**Problem requirements:** Pictures are not part of the answer. Return the lines from the one containing "特朗普公然表示:格陵兰岛交易成果,将赋予美国随心所欲 为所欲为的任何事情!只要美国想要的一切 一个都逃不掉!" through the end of the data, both included, exactly as they appear.

--- --- ---

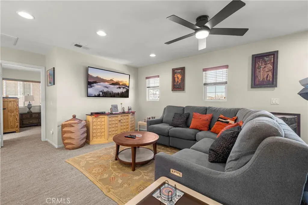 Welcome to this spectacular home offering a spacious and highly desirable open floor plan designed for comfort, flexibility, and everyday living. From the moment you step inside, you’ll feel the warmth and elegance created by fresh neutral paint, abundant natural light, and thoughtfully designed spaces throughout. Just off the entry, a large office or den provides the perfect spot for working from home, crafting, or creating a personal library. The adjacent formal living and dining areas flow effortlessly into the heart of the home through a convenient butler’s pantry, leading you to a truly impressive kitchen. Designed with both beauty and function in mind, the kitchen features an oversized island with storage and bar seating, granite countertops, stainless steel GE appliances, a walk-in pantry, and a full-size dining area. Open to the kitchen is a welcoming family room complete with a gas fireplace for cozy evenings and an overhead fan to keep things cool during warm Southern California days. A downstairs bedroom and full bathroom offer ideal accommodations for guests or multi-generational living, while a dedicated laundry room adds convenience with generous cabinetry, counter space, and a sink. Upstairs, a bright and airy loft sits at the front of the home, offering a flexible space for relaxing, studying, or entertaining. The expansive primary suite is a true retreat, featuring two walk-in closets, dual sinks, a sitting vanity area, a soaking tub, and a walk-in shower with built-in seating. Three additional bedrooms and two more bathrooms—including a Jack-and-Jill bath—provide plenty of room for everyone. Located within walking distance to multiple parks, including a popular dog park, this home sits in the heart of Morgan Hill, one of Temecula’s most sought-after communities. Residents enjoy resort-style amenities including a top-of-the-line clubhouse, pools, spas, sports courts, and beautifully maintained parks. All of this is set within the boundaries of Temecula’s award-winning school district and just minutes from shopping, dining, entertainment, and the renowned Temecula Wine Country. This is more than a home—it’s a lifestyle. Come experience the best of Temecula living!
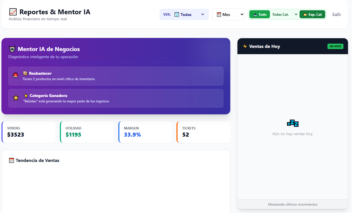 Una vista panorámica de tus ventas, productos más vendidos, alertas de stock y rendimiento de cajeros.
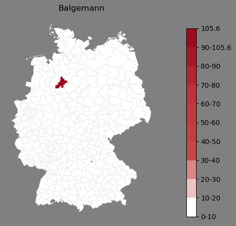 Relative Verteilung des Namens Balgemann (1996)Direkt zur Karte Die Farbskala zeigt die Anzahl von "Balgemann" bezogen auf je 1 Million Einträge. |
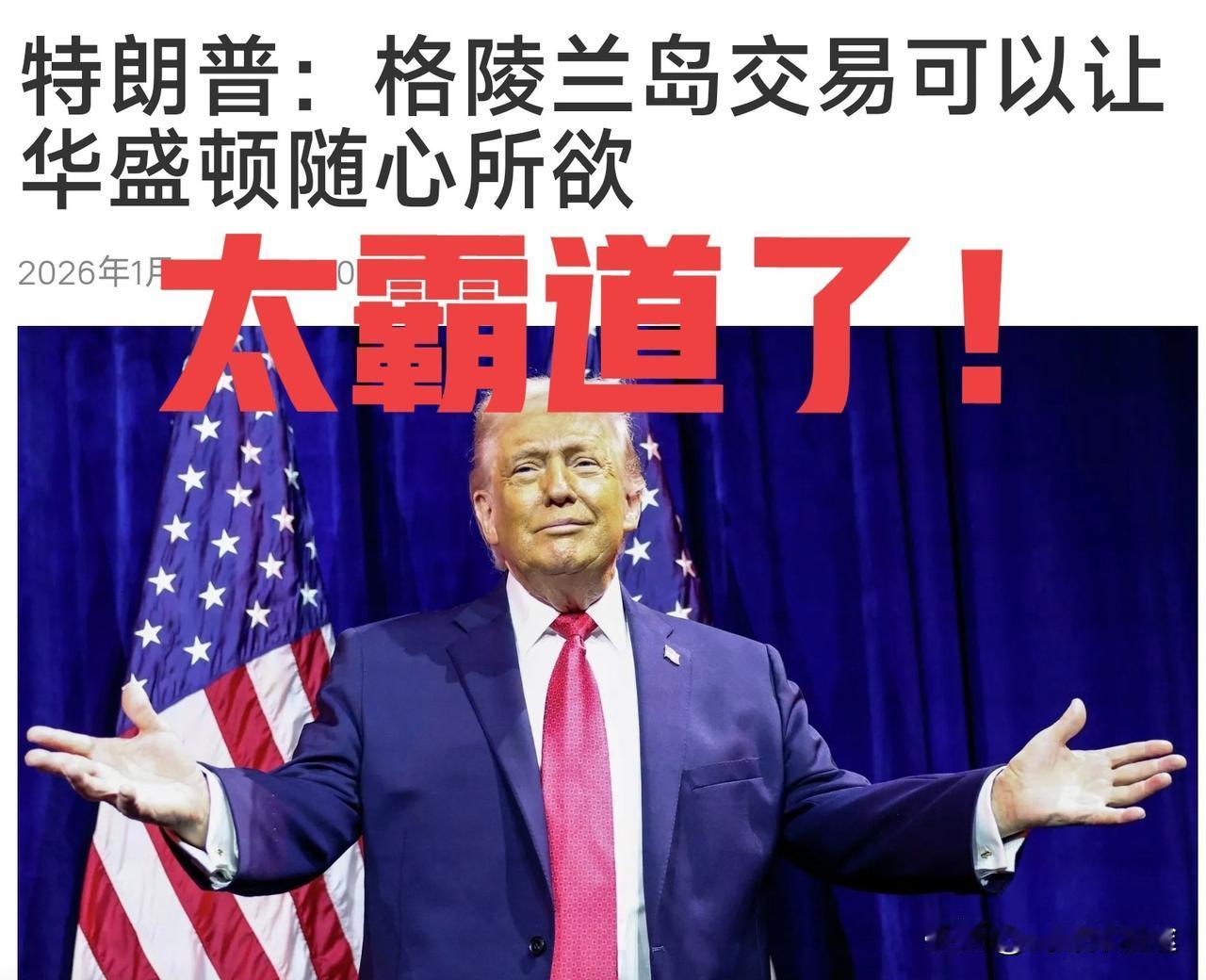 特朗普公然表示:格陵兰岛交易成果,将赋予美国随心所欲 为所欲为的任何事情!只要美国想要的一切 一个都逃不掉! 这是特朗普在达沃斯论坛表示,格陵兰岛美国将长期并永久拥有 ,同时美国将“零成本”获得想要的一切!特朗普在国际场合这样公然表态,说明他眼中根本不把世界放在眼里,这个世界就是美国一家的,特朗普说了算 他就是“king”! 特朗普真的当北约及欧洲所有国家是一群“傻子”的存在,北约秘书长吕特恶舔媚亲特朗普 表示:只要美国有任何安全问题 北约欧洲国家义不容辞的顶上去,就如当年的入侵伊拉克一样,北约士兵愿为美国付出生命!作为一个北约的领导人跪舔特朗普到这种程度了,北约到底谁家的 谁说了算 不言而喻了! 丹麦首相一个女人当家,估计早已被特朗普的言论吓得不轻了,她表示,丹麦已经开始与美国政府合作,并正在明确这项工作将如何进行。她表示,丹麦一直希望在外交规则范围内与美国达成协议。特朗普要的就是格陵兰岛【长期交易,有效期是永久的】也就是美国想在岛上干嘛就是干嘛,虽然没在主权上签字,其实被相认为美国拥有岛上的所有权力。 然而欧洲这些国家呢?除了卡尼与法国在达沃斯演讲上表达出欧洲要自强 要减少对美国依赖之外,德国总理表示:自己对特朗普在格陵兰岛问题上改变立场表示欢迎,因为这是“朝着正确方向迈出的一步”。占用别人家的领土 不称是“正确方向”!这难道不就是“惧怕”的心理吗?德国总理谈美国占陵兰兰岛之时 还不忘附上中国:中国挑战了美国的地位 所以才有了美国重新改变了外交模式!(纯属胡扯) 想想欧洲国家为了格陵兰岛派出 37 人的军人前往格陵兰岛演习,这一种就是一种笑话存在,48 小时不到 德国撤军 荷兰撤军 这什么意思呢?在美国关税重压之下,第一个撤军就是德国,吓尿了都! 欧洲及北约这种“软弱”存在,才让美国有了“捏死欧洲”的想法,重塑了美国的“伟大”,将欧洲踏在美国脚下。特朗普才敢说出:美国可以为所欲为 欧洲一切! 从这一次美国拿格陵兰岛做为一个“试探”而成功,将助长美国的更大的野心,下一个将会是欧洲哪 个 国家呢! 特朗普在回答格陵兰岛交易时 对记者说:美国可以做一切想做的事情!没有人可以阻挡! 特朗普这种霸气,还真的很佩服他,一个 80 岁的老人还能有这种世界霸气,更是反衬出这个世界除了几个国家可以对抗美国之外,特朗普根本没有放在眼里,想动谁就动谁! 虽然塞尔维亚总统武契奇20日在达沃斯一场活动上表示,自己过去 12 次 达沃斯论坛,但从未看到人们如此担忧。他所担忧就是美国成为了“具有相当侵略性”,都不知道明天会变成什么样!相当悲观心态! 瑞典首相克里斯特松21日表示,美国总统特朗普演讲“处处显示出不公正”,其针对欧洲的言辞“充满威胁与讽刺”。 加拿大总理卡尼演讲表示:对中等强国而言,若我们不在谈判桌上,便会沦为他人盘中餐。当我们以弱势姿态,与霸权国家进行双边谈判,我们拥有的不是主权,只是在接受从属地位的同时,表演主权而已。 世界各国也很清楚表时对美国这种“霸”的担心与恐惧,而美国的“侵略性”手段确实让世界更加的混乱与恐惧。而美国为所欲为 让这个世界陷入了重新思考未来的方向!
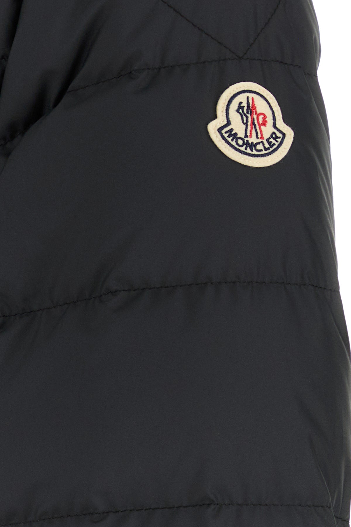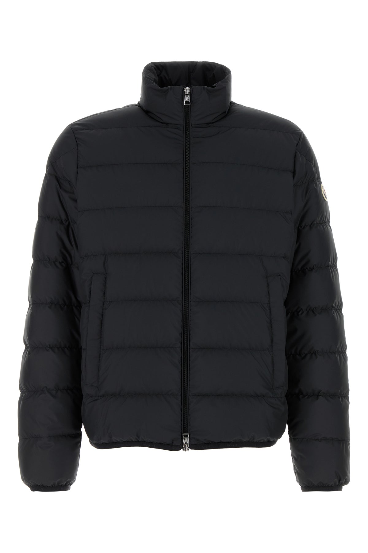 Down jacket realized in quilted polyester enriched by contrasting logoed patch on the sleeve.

--- --- ---

**Solution for this task:**
 特朗普公然表示:格陵兰岛交易成果,将赋予美国随心所欲 为所欲为的任何事情!只要美国想要的一切 一个都逃不掉! 这是特朗普在达沃斯论坛表示,格陵兰岛美国将长期并永久拥有 ,同时美国将“零成本”获得想要的一切!特朗普在国际场合这样公然表态,说明他眼中根本不把世界放在眼里,这个世界就是美国一家的,特朗普说了算 他就是“king”! 特朗普真的当北约及欧洲所有国家是一群“傻子”的存在,北约秘书长吕特恶舔媚亲特朗普 表示:只要美国有任何安全问题 北约欧洲国家义不容辞的顶上去,就如当年的入侵伊拉克一样,北约士兵愿为美国付出生命!作为一个北约的领导人跪舔特朗普到这种程度了,北约到底谁家的 谁说了算 不言而喻了! 丹麦首相一个女人当家,估计早已被特朗普的言论吓得不轻了,她表示,丹麦已经开始与美国政府合作,并正在明确这项工作将如何进行。她表示,丹麦一直希望在外交规则范围内与美国达成协议。特朗普要的就是格陵兰岛【长期交易,有效期是永久的】也就是美国想在岛上干嘛就是干嘛,虽然没在主权上签字,其实被相认为美国拥有岛上的所有权力。 然而欧洲这些国家呢?除了卡尼与法国在达沃斯演讲上表达出欧洲要自强 要减少对美国依赖之外,德国总理表示:自己对特朗普在格陵兰岛问题上改变立场表示欢迎,因为这是“朝着正确方向迈出的一步”。占用别人家的领土 不称是“正确方向”!这难道不就是“惧怕”的心理吗?德国总理谈美国占陵兰兰岛之时 还不忘附上中国:中国挑战了美国的地位 所以才有了美国重新改变了外交模式!(纯属胡扯) 想想欧洲国家为了格陵兰岛派出 37 人的军人前往格陵兰岛演习,这一种就是一种笑话存在,48 小时不到 德国撤军 荷兰撤军 这什么意思呢?在美国关税重压之下,第一个撤军就是德国,吓尿了都! 欧洲及北约这种“软弱”存在,才让美国有了“捏死欧洲”的想法,重塑了美国的“伟大”,将欧洲踏在美国脚下。特朗普才敢说出:美国可以为所欲为 欧洲一切! 从这一次美国拿格陵兰岛做为一个“试探”而成功,将助长美国的更大的野心,下一个将会是欧洲哪 个 国家呢! 特朗普在回答格陵兰岛交易时 对记者说:美国可以做一切想做的事情!没有人可以阻挡! 特朗普这种霸气,还真的很佩服他,一个 80 岁的老人还能有这种世界霸气,更是反衬出这个世界除了几个国家可以对抗美国之外,特朗普根本没有放在眼里,想动谁就动谁! 虽然塞尔维亚总统武契奇20日在达沃斯一场活动上表示,自己过去 12 次 达沃斯论坛,但从未看到人们如此担忧。他所担忧就是美国成为了“具有相当侵略性”,都不知道明天会变成什么样!相当悲观心态! 瑞典首相克里斯特松21日表示,美国总统特朗普演讲“处处显示出不公正”,其针对欧洲的言辞“充满威胁与讽刺”。 加拿大总理卡尼演讲表示:对中等强国而言,若我们不在谈判桌上,便会沦为他人盘中餐。当我们以弱势姿态,与霸权国家进行双边谈判,我们拥有的不是主权,只是在接受从属地位的同时,表演主权而已。 世界各国也很清楚表时对美国这种“霸”的担心与恐惧,而美国的“侵略性”手段确实让世界更加的混乱与恐惧。而美国为所欲为 让这个世界陷入了重新思考未来的方向!
 Down jacket realized in quilted polyester enriched by contrasting logoed patch on the sleeve.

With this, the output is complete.